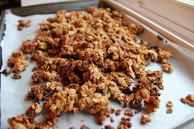 - Don’t crowd your pan! Your granola won’t get crunchy if it’s all lumped together on one baking sheet. I recommend splitting each recipe between two baking sheets.
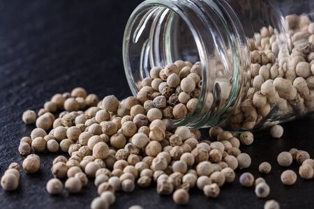 Closeup dry peppercorn seeds on black wooden board for cooking.Food ingredient photo macro
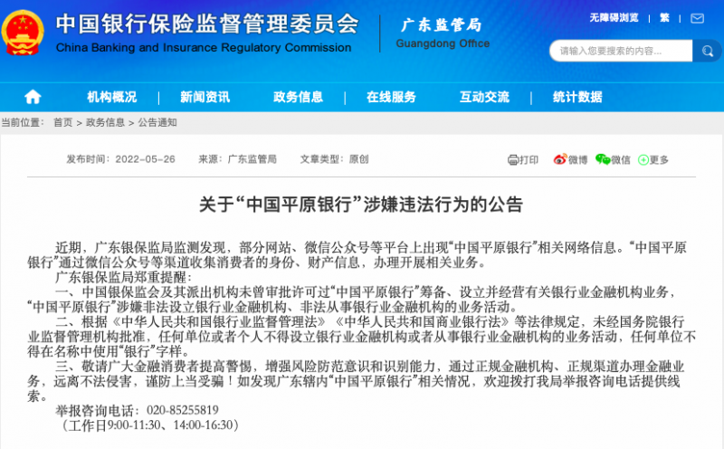 昨日,广东银保监局发布《关于“中国平原银行”涉嫌违法行为的公告》(下称《公告》),《公告》称,近期,广东银保监局监测发现,部分网站、微信公众号等平台上出现“中国平原银行”相关网络信息。“中国平原银行”通过微信公众号等渠道收集消费者的身份、财产信息,办理开展相关业务。

■ **Exercise brief**: Beginning at the line that contains "Closeup dry peppercorn", transcribe it and every later line through the last line of the data above, exactly, and drop the pictures.

■ **Your response**:
 Closeup dry peppercorn seeds on black wooden board for cooking.Food ingredient photo macro
 昨日,广东银保监局发布《关于“中国平原银行”涉嫌违法行为的公告》(下称《公告》),《公告》称,近期,广东银保监局监测发现,部分网站、微信公众号等平台上出现“中国平原银行”相关网络信息。“中国平原银行”通过微信公众号等渠道收集消费者的身份、财产信息,办理开展相关业务。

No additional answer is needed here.